Cette lucidité qui finit tout de même par attirer l’attention d’administrateurs des hospices, puis du préfet. Un rapport au garde des Sceaux réclame pour la demoiselle de meilleures conditions. Après cinq ans de séjour, en 1868, on lui délivre même une attestation de guérison. Avec le concours de notables du cru, Hersilie sort enfin des murs. Le ministre de l’Intérieur reconnaît l’irrégularité commise. Son frère et l’administration centrale sont montrés du doigt. La presse s’en mêle. Elle évoque une « résurrection » quand, à l’occasion d’un récital à l’Institut musical, la pianiste joue Carl Maria von Weber.
Elle s’engage alors dans un nouveau combat, pétitionnant contre les internements psychiatriques abusifs et pour une réforme de la loi de 1838. A la Chambre des députés, les parlementaires du Loiret sollicitent Gambetta. Le sujet doit être débattu le 16 juillet 1870… jour de l’ordre de mobilisation. Les Prussiens et la défaite de Sedan ont raison d’Hersilie.

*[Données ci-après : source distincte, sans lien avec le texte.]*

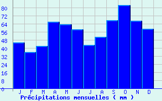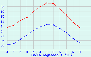 | Jan | Fev | Mars | Avr | Mai | Juin | Juil | Aout | Sept | Oct | Nov | Dec | Année | | Temp. max. (°C) | 5.9 | 7.6 | 11.6 | 14 | 18.7 | 22.8 | 25.9 | 25.4 | 21 | 16.1 | 9.8 | 6 | 15.4 | | Temp. moy. (°C) | -1.3 | 0.1 | 3.9 | 6.8 | 11.1 | 14.5 | 17.1 | 16.6 | 13 | 8.8 | 3.3 | -0.4 | 7.8 | | Temp. min. (°C) | -8.5 | -7.4 | -3.8 | -0.4 | 3.5 | 6.2 | 8.2 | 7.9 | 4.9 | 1.6 | -3.3 | -6.8 | 0.2 | | Jan | Fev | Mars | Avr | Mai | Juin | Juil | Aout | Sept | Oct | Nov | Dec | Année | | Jours Tx > 30°C | 0 | 0 | 0 | 0 | 0 | 1.3 | 3.3 | 2.5 | 0.2 | 0 | 0 | 0 | 7.3 | | Jours Tx > 25°C | 0 | 0 | 0 | 0 | 2.6 | 10.9 | 20.6 | 18.7 | 5.4 | 0.3 | 0 | 0 | 58.4 | | Jours Tx < 0°C | 2.4 | 1.2 | 0.1 | 0 | 0 | 0 | 0 | 0 | 0 | 0 | 0.4 | 1.9 | 5.9 | | Jours Tn < 0°C | 29.6 | 26.8 | 26 | 17.7 | 4.5 | 1.2 | 0.1 | 0.2 | 2.5 | 11.8 | 23.6 | 28.5 | 172.4 | | Jours Tn < -5°C | 22.9 | 18.8 | 11.1 | 2 | 0.1 | 0 | 0 | 0 | 0 | 1.4 | 10.5 | 19.4 | 86.1 | | Jours Tn < -10°C | 12.8 | 8 | 1.7 | 0 | 0 | 0 | 0 | 0 | 0 | 0.1 | 1.8 | 7.6 | 32.1 | | | | Jan | Fev | Mars | Avr | Mai | Juin | Juil | Aout | Sept | Oct | Nov | Dec | Année | | RR mensuel (mm) | 45.2 | 35.7 | 41.8 | 66 | 63.7 | 58.6 | 42.7 | 51.1 | 67.6 | 82.8 | 66.9 | 59 | 681.1 | | Jan | Fev | Mars | Avr | Mai | Juin | Juil | Aout | Sept | Oct | Nov | Dec | Année | | Jours RR > 1mm | 5.7 | 4.4 | 5.1 | 7.9 | 8.8 | 8.2 | 6 | 6.6 | 6 | 7.5 | 6.5 | 5.9 | 78.5 | | Jours RR > 5mm | 2.7 | 2.4 | 2.9 | 4.2 | 4.2 | 3.6 | 2.7 | 3 | 3.4 | 4.8 | 3.9 | 3.5 | 41.3 | | Jours RR > 10mm | 1.6 | 1.3 | 1.3 | 2.5 | 2.1 | 1.9 | 1.6 | 1.8 | 2.3 | 2.8 | 2.4 | 1.8 | 23.3 | | | | Jan | Fev | Mars | Avr | Mai | Juin | Juil | Aout | Sept | Oct | Nov | Dec | Année | | Vent moyen (km/h) | 2.5 | 3.6 | 4.7 | 5.4 | 5 | 5 | 5.4 | 4.7 | 4.3 | 3.6 | -- | 2.9 | -- | | Jan | Fev | Mars | Avr | Mai | Juin | Juil | Aout | Sept | Oct | Nov | Dec | Année | | Jours rafales >= 58km/h | 0.4 | 0.6 | 0.7 | 0.7 | 0.8 | 0.3 | 0.6 | 0.3 | 0.2 | 0.1 | -- | 0.8 | -- | | Jours rafales >= 100km/h | 0 | 0 | 0 | 0 | 0 | 0 | 0 | 0 | 0 | 0 | -- | 0 | -- |
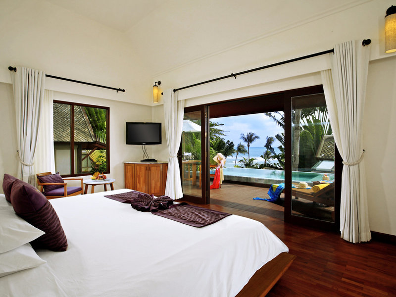 - Deluxe Private Pool (BUX4), Villa, Nichtraucherzimmer, Gartenseite, Gartenblick, ca. 60 m², Gesamtanzahl der Räume in diesem Zimmertyp: 1, Aufteilung wie folgt: kombiniertes Wohn-/Schlafzimmer, 1 King Size Bett (180x195cm), 1 Zustellbett, Babybett: Anfrage notwendig, Klimaanlage: individuell regelbar, Fußboden: Parkett, Safe: ohne Gebühr, Deckenventilator, Kaffee-/Teezubereiter, Minibar: gegen Gebühr, Minibarauffüllung: täglich, Telefon, Internet: WLAN/WiFi: gegen Gebühr, Fernseher: Flatscreen, Sat-TV, DVD-Player, Roomservice: gegen Gebühr, Dusche, WC, Bademantel, Slipper, Föhn, Balkon oder Terrasse: mit Liegestühlen, mit Plunge Pool
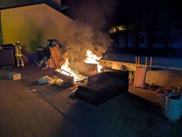 Um 23:15 Uhr ging es erneut in die Viernheimer Straße, gegenüber dem Bauhof. Eine Couch und Sperrmüll standen beim Eintreffen der Feuerwehr bereits im Vollbrand. Ein Angriffstrupp unter Atemschutz löschte das Feuer zügig. Eine Ausbreitung wurde verhindert. Auch hier ermittelt die Polizei zur Brandursache.
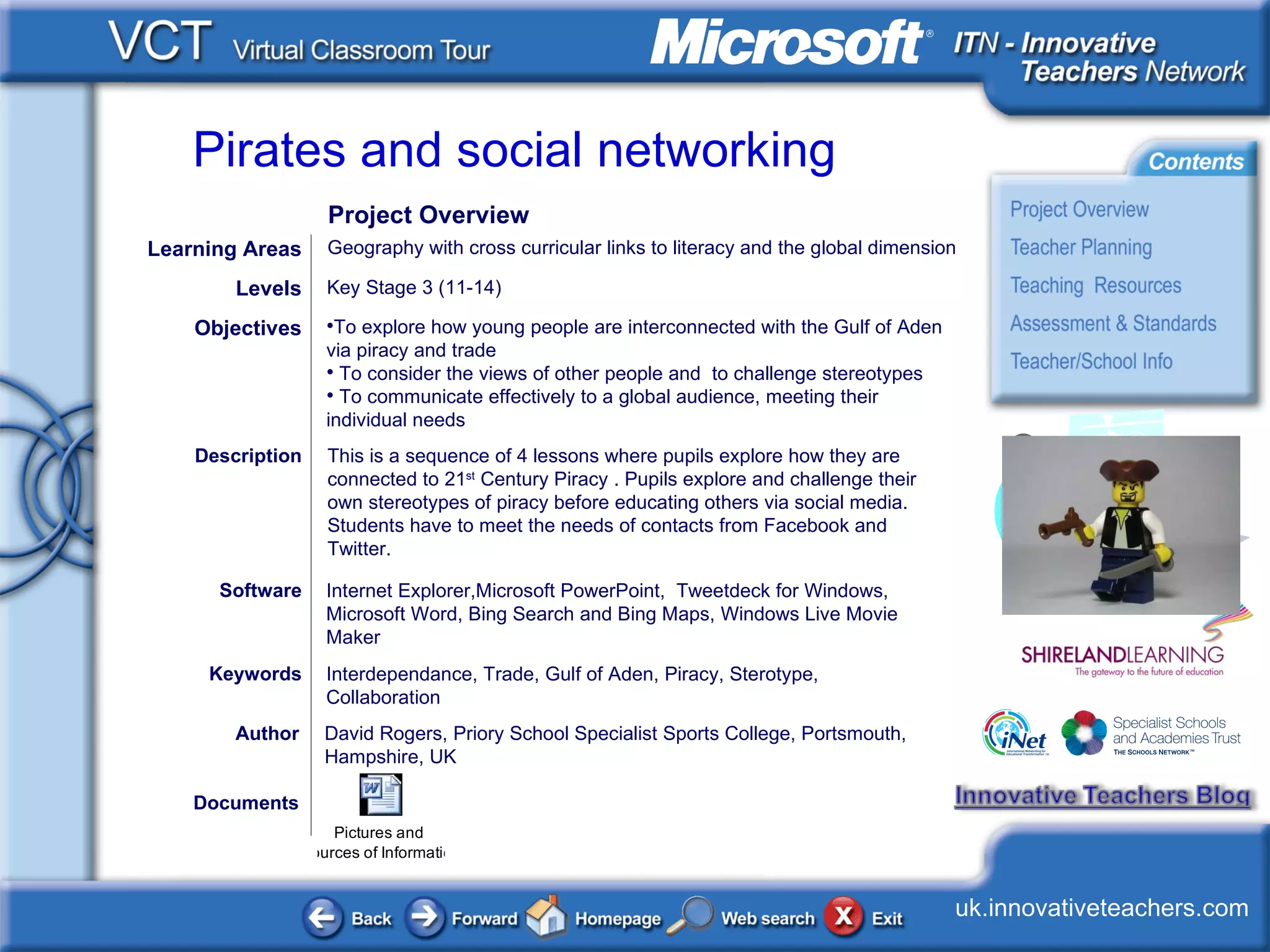 The document outlines a series of lessons by David Rogers at Priory School that engage students in exploring piracy and trade related to the Gulf of Aden. It emphasizes challenging stereotypes through social media interaction and developing effective communication skills. The project integrates geography and literacy for students in Key Stage 3, providing resources and assessments to enhance learning.

Yannick Ripa nous emmène sur les pas de cette femme hors du commun en prenant appui sur ses Mémoires d’une aliénée, parus après sa mort. La description de la réalité de son quotidien, dépassant souvent la fiction, est un plaidoyer à charge contre l’asile et sa fonction politico-sociale au XIXe siècle, mais aussi sur la terrible condition féminine de l’époque.
Historienne, Yannick Ripa enseigne l’histoire des femmes et du genre à l’université Paris VIII. Elle est l’auteur de La Ronde des folles. Femmes, folie et enfermement au XIXe siècle (Aubier, 1985), Les Femmes actrices de l’Histoire. France, 1789-1945 (SEDES, 1999) et Les Femmes (Cavalier bleu, 2002).